How I became an Anglophile

   The mail order segment became an important part of Mr. Austin's business, and he later began advertising in the U.S. edition of The Manchester Guardian. That is how this post-war baby boomer discovered British Tea. Mr. Austin's advertisement offered an introductory selection of four teas for $10.00, which included shipping from England to any address in the U.S. The thought of receiving a package of teas from England seemed like quite an adventure for a youngster growing up in a small town in Colorado. About two weeks after I mailed my first order I received a letter from Mr. Austin, addressed to Thomas J. Eck, Esq. The transformation of a kid growing up in a small town in Colorado into a titled member of English gentry was profound. Neither I nor British Tea would ever be the same. The letter simply acknowledged the receipt of my order and informed me that the parcel would be shipped immediately by sea. I should receive the tea within four weeks.
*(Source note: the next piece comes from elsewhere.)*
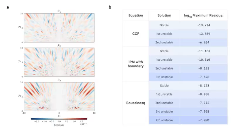 其次,在解的分析过程中,针对 CCF、IPM 和 Boussinesq 方程发现的每一个不稳定解,研究人员通过在其周围对偏微分方程进行线性化来分析其稳定性。对于发现的第 n 个不稳定解,研究人员找到了 n 个与该解具有相同对称性假设的不稳定模态。

   The parcel arrived in excellent condition properly addressed to my new persona. It had been carefully wrapped in thick kraft paper, heavily coated with a waterproof sealant designed to assure freshness and repel moisture. I had already developed an interest in tea and knew a little about the four teas that I received: a China Keemun, Assam and Darjeeling from India, and a Ceylon Broken Orange Pekoe. These were all familiar to me but the teas from Mr. Austin had a fresh aroma and bright flavor that I had never before experienced. To this day I can recall the aromas and flavors that were so intense and inviting. These were not rare or exotic teas but, as any old-timer can verify, ordinary teas were much better in those days.

   My fondness for tea increased with the arrival of each new shipment from Mr. Austin. This was further reinforced by reading the books of William Ukers which at that time were readily available at the Pueblo public library. I was most intrigued with how Mr. Ukers portrayed the early days tea trade in Europe and, especially, in England at the time of the great Tea Clippers.

   My love affair with British Tea would mature over time. Mr. Austin finally had to retire and, without his diligence, his business was forced to close. I felt a personal loss when I read the postcard announcing his retirement and the dissolution of his business. My later travels would lead me to new sources of tea in England, France, Hong Kong, Japan, and Taiwan. I learned that the world of tea goes well beyond the scope of those which are popular in England. Tea eventually became my profession. It was undoubtedly my romanticized views of the tea trade in 19th century England, indelibly fused over 30 years ago, that prompted this endeavor.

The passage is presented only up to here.